Cette poignée de main passe mal. Au procès de l'ancien SS Oskar Göring, une victime de la Shoah est allée vendredi à la rencontre de l'ancien comptable d'Auschwitz entre 1942 et 1944 actuellement jugé en Allemagne. Elle l'a salué et remercié de parler ouvertement de son rôle au sein de l'appareil nazi. Le geste d'Eva Kor, survivante américaine et partie civile au procès, a suscité la colère d'avocats d'autres victimes. "Au nom des 49 autres victimes représentées", Cornelius Nestler et Thomas Walther reprochent à la vieille dame de 81 ans de "toujours plus ostensiblement" se mettre en scène et de remettre en question leur plainte, rapporte Der Spiegel.
I am sharing with you my face to face meeting with Oskar Groening the former Nazi guard. Two old people reaching out pic.twitter.com/XlooNvPpQ1— Eva Mozes Kor (@EvaMozesKor) 23 Avril 2015
"Merci de parler". Lors d'une émission de télévision sur la chaîne ARD, Eva Kor a tenu à expliquer son geste, "que personne ne comprend", a-t-elle reconnu. "J'ai rencontré Oskar Gröning, me suis présentée et ai tendu ma main. Il a attrapé mon bras et s'est évanoui", a décrit la survivante sur Twitter. "Même si tous les nazis sont pendus pour leurs crimes, ma vie sera toujours la même", a confié celle qui a été cobaye du Dr. Mengele, aux côtés de sa sœur jumelle décédée.
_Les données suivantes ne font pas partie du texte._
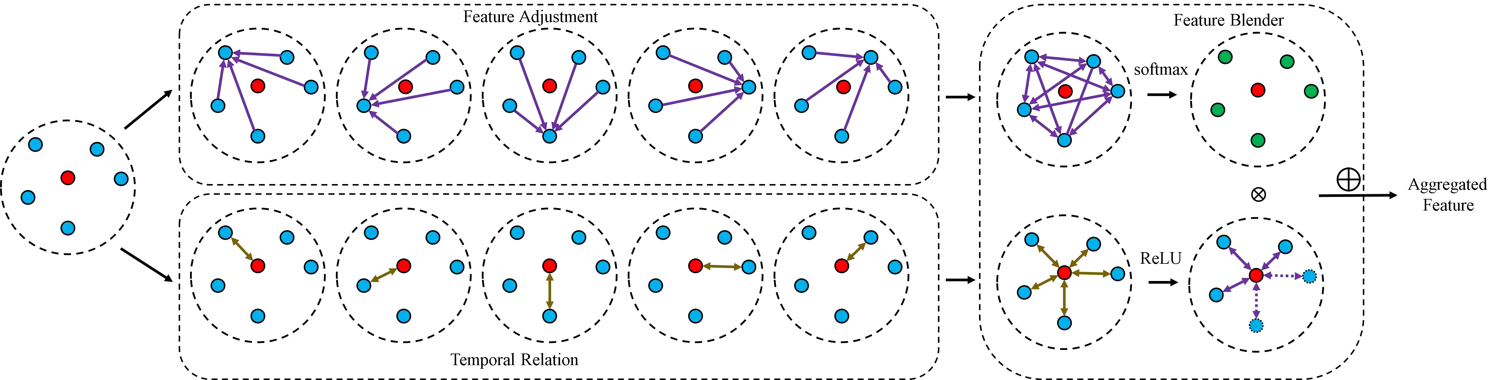 Video objection detection is a challenging task because isolated video frames may encounter appearance deterioration, which introduces great confusion for detection. One of the popular solutions is to exploit the temporal information and enhance per-frame representation through aggregating features from neighboring frames. Despite achieving improvements in detection, existing methods focus on the selection of higher-level video frames for aggregation rather than modeling lower-level temporal relations to increase the feature representation. To address this limitation, we propose a novel solution named TF-Blender,which includes three modules: 1) Temporal relation mod-els the relations between the current frame and its neighboring frames to preserve spatial information. 2). Feature adjustment enriches the representation of every neigh-boring feature map; 3) Feature blender combines outputs from the first two modules and produces stronger features for the later detection tasks. For its simplicity, TF-Blender can be effortlessly plugged into any detection network to improve detection behavior. Extensive evaluations on ImageNet VID and YouTube-VIS benchmarks indicate the performance guarantees of using TF-Blender on recent state-of-the-art methods.

Alors la survivante "a remercié [Oskar Göring] pour avoir pris sa part de responsabilité". L'ancien comptable nazi a en effet reconnu avoir participé à la machine d'extermination, mais refuse d'être considéré comme coupable. Pour Eva Kor, la seule solution est aujourd'hui de "demander [aux anciens criminels] de dire aux jeunes néonazis ce qui s'est réellement passé". La victime a également exhorté "tous les nazis qui sont toujours en vie" de "venir et partager votre explication, et rendez publique votre parole sur ce qui s'est passé" pour convaincre les "jeunes néonazis que nous, les survivants, nous [n'avons pas] tout inventé". Eva Kor s'était déjà fait connaître par le passé après avoir adopté le petit-fils d'un haut dignitaire nazi.
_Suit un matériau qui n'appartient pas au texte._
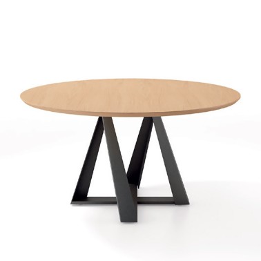 Mesa de comedor de diseño moderno con tapa en madera de roble o nogal. Faldón de madera 2,5 cm. Patas metálicas en acabado lacado del mismo...
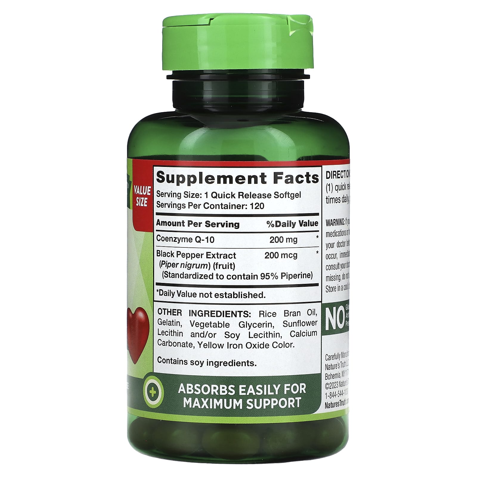 Позаботьтесь о своем сердце с помощью коэнзима CoQ10 от Nature's Truth®!† Коэнзим Q10, известный своей поддержкой здоровья сердца, является важным соединением, которое содержится в каждой клетке организма†. Он может способствовать поддержанию здорового образа жизни и является прекрасным дополнением к любого режима хорошего самочувствия.† Наш высокоэффективный коэнзим Q10, специально разработанный для вашего хорошего самочувствия, содержит 200 мг этого питательного вещества для сердца в одной капсуле с быстрым высвобождением.† Кроме того, наша формула содержит экстракт черного перца для лучшего усвоения.

Ces explications n'ont fait qu'attiser la colère des autres victimes. "Nous ne pouvons pas pardonner à M. Gröning sa participation au meurtre de nos proches et de 299.000 autres personnes", ont-ils partagé, "Encore plus quand il se sent libre de toute faute pénale". Si Oskar Gröning a demandé pardon pour sa "faute morale", il refuse d'être jugé coupable de complicité de 300.000 meurtres.